WORK REQUEST. Set down every line from the one with "Chiếc đồng hồ" to the end of the entries, both ends included, exactly as it reads and without pictures.

GIVEN DATA.
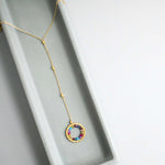 The Halo collection was our very first one. Intended to symbolize the intricate, universal energy woven within us all. This beautiful necklaces is ultra lightweight and perfectly handmade featuring sparkling black spinel gems woven into our unique, mini floating Y pendant design.
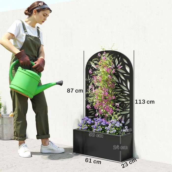 - Metallstruktur: Dank einer wetterbeständigen Pulverbeschichtung ist dieser erhöhte Blumenkasten mit Rankgitter äusserst robust und bestens für den ganzjährigen Einsatz im Aussenbereich geeignet.
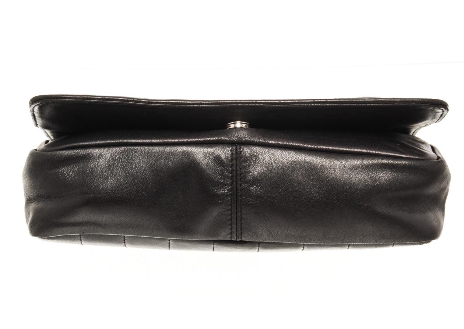 One Chanel Black Leather Chocolate Bar Shoulder bag. Item is sold AS-IS. All available information is listed in the description and shown in the photo. Chanel Black Leather Chocolate Bar Shoulder bag with material leather, silver-tone hardware, chain/leather shoulder strap, interior pocket, fabric interior, snap closure. H4.5 X W8 X D1.5 inches Strap drop(Single) : 13 inches Strap drop(double) : 7 inches H11 X W20 X D4 cm
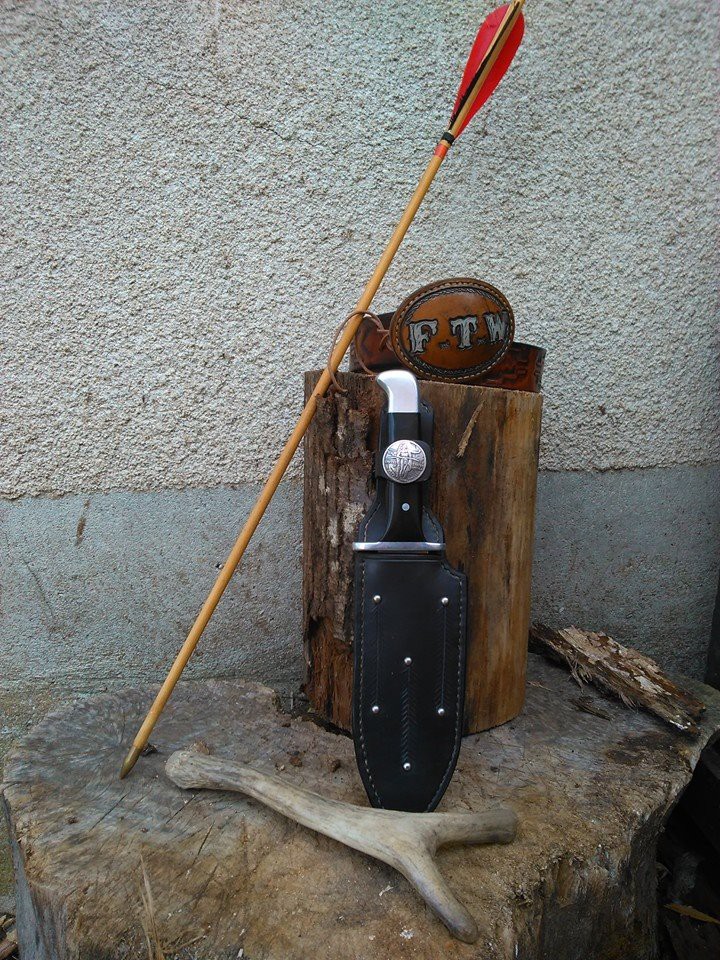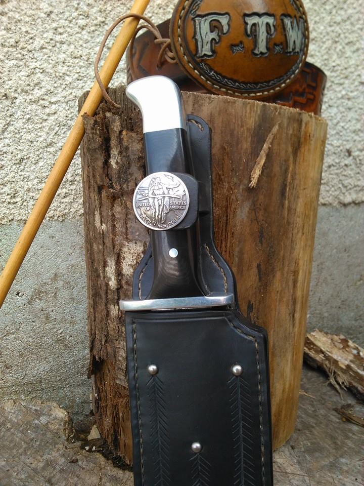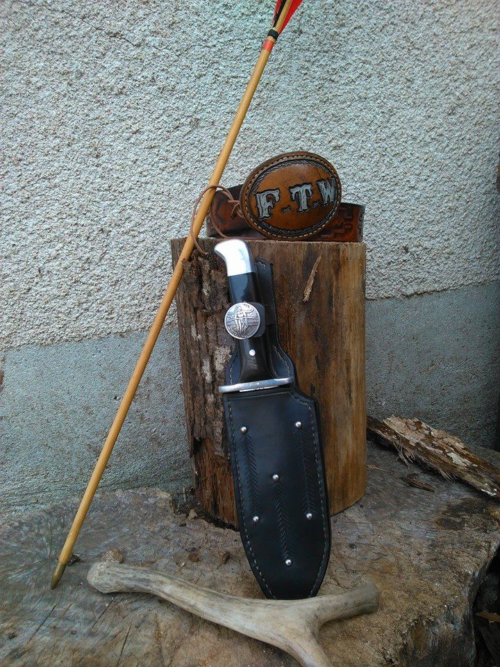 couteau maintenu par le manche par laniere cuir cousu et concho (rare) pression de 24
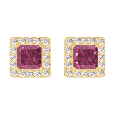« L'ATELIER » NR. 201173Cercei Aur galben 18 carate - Rubin Princess 0.3 carate (2 X) - Halo Diamant
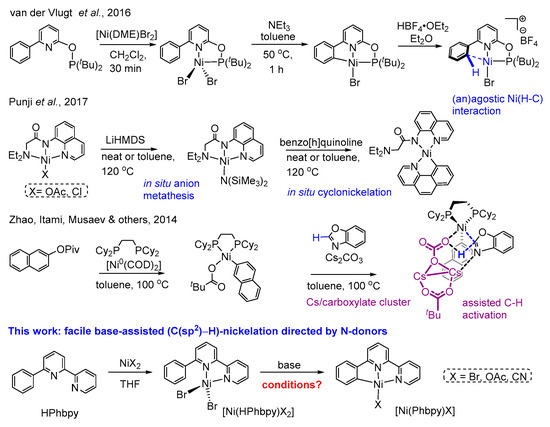 In sharp contrast to the literally thousands of examples available for Pd(II) and Pt(II), cyclometalated Ni(II) derivatives of nitrogen-donating π-conjugated moieties have remained rare species, although the first example of a cyclometalated Ni(II) complex, [Ni(Cp)(o-phenylazo)-phenyl)], was prepared from [Ni(Cp)2] (Cp− = cyclopentadienide) in 1963 [26]. Van Koten et al. introduced two approaches for the synthesis of Ni(N^C^N)-pincer complexes: (a) transmetalation of a Au(I) precursor; or (b) oxidative addition of zero-valent nickel to the bromoaryl precursor [27]. Much later, Wolczanski et al. directly metalated 2-phenylpyridine under harsh heating conditions (Scheme 1) [28], whereas Klein et al. performed a two-step cyclometalation via Pd-directed ortho-bromination of 6-phenyl-2,2′-bipyridine followed by the oxidative addition of zero-valent nickel, akin to van Koten’s approach [29,30]. Direct, base-assisted metalation with NiCl2 was demonstrated by Gong and Song in a pincer topology [31] and, in a similar approach by Zargarian et al. [32], it was found to be also feasible in macrocyclic N^C^N^C or N^C^N^N setups [33]. These reactions were considered to be electrophilic substitutions (H+ versus Ni(II)) that are archetypal for Pt(II) and Pd(II) complexes [1,25] but quite unique for Ni(II). Mechanistic insights were provided by van der Vlugt et al. for the formation of a [Ni(CNP)Br] pincer complex from the tetrahedral [Ni(HC^N^P)Br2] precursor using NEt3 as a base (Scheme 2) [34]. The isolation of a tri-coordinated T-shaped Ni complex with weak (an)agostic Ni…(H‒C) interaction invokes C‒H bond coordination to Ni(II), forming a sigma-complex as a key step of the process with base neutralising the proton outside of the coordination sphere.
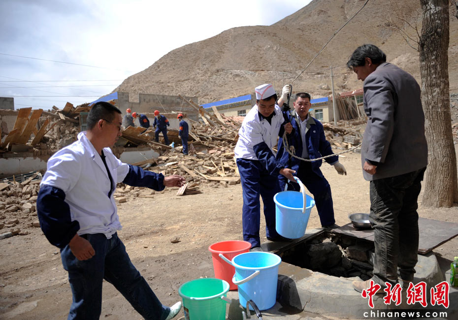 4月16日,青海玉樹民族綜合職業學校生活保障人員提取地下水飲用。中新社發 廖攀 攝
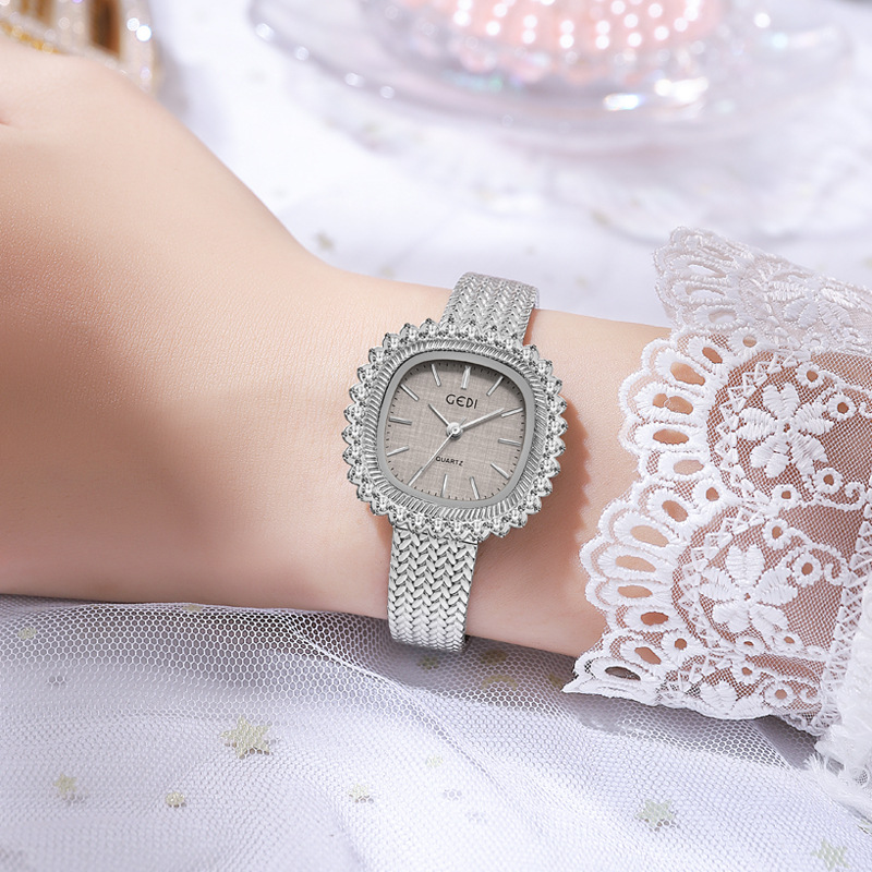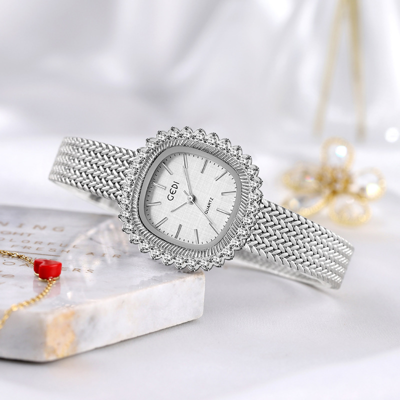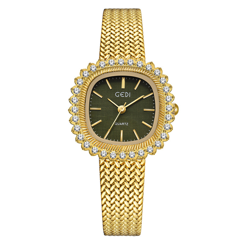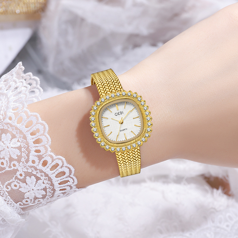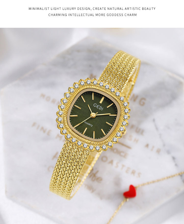 Chiếc đồng hồ này mang phong cách hoài cổ với thiết kế mặt số nhỏ xinh, điểm xuyến những viên đá lấp lánh tinh tế. Dây đeo và vỏ được hoàn thiện tỉ mỉ, trên mặt số còn có họa tiết hình bông lúa độc đáo. Đây là dòng đồng hồ dùng pin, hoạt động ổn định và ít cần bảo dưỡng. Bạn chỉ cần đeo trên tay để xem giờ hằng ngày, tránh để sản phẩm tiếp xúc trực tiếp với hóa chất hoặc va đập mạnh. | Tên sản phẩm: Đồng Hồ Nữ Máy Pin, Máy Thạch Anh Phục Cổ Cổ Điển - Đồng Hồ Phụ Kiện Nữ | Mã sản phẩm: K1182 - Giá: 740.000đ | Mã nhà sản xuất: FODI-G02Hình ảnh sản phẩm
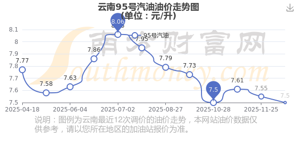 12月15日,云南95号汽油的价格是7.5元每升,本次的调整时间为12月9日,对比上次的调整跌了0.05元,跌0.662%,12月22日24时为下一轮油价调整时间,还有7.65天。

ANSWER TO THIS EXERCISE.
 Chiếc đồng hồ này mang phong cách hoài cổ với thiết kế mặt số nhỏ xinh, điểm xuyến những viên đá lấp lánh tinh tế. Dây đeo và vỏ được hoàn thiện tỉ mỉ, trên mặt số còn có họa tiết hình bông lúa độc đáo. Đây là dòng đồng hồ dùng pin, hoạt động ổn định và ít cần bảo dưỡng. Bạn chỉ cần đeo trên tay để xem giờ hằng ngày, tránh để sản phẩm tiếp xúc trực tiếp với hóa chất hoặc va đập mạnh. | Tên sản phẩm: Đồng Hồ Nữ Máy Pin, Máy Thạch Anh Phục Cổ Cổ Điển - Đồng Hồ Phụ Kiện Nữ | Mã sản phẩm: K1182 - Giá: 740.000đ | Mã nhà sản xuất: FODI-G02Hình ảnh sản phẩm
 12月15日,云南95号汽油的价格是7.5元每升,本次的调整时间为12月9日,对比上次的调整跌了0.05元,跌0.662%,12月22日24时为下一轮油价调整时间,还有7.65天。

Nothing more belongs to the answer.